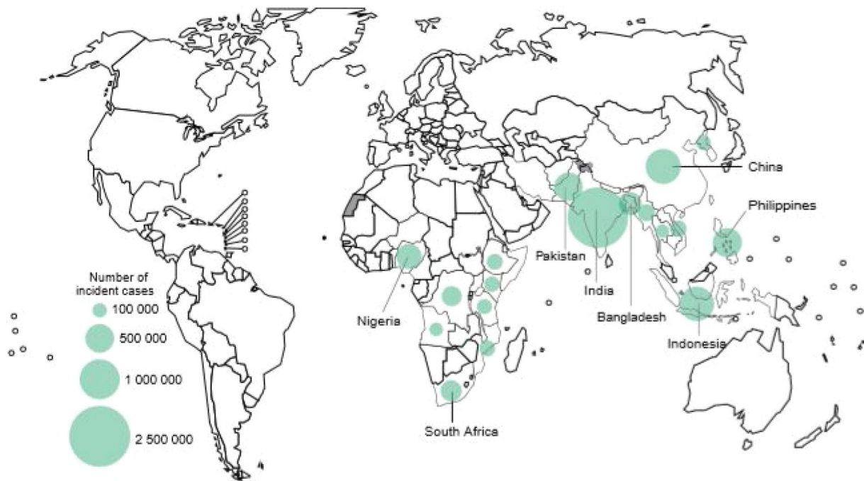
Figura 1. Incidencia estimada de TB en 2018, para países con al menos 100.000 casos incidentes.

casos notificados en España en el año 2019 fue de solo 9,4 casos por 100.000 habitantes 3 , aunque existe un subregistro importante 4,5 .
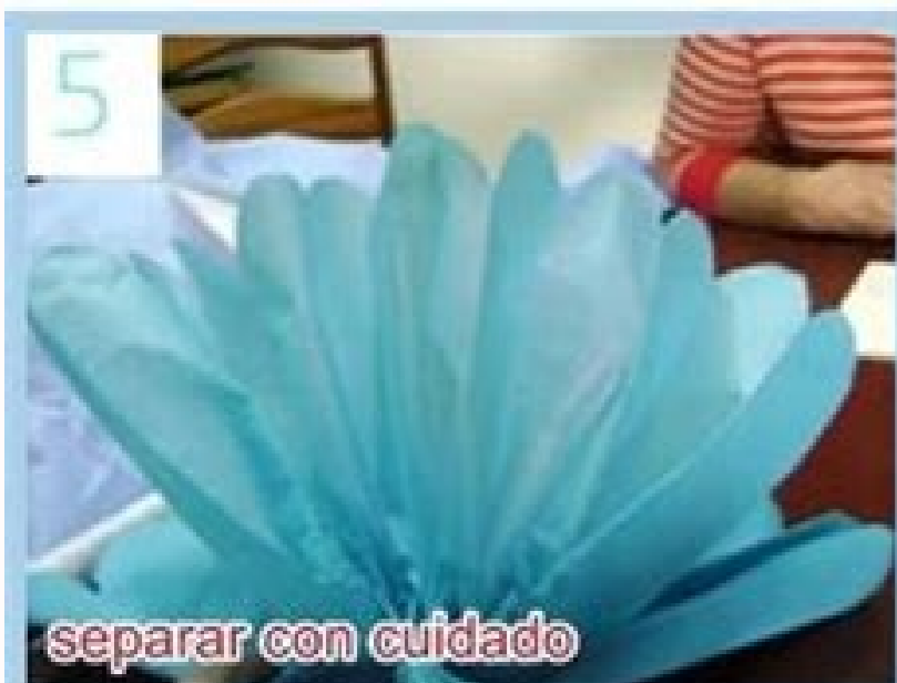
separar con cuidado
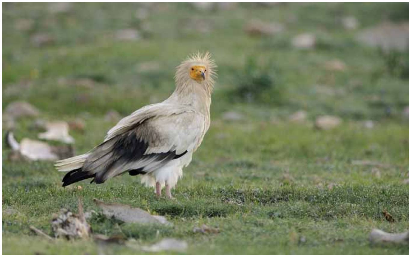
■ Vautour percnoptère ( Neophron percnopterus ), une espèce de vautour "En danger" en France et au niveau mondial
=====
■ Problem description: Your response must reproduce every line of the data exactly, with images omitted.

■ Answer to this task:
Figura 1. Incidencia estimada de TB en 2018, para países con al menos 100.000 casos incidentes.

casos notificados en España en el año 2019 fue de solo 9,4 casos por 100.000 habitantes 3 , aunque existe un subregistro importante 4,5 .
separar con cuidado
■ Vautour percnoptère ( Neophron percnopterus ), une espèce de vautour "En danger" en France et au niveau mondial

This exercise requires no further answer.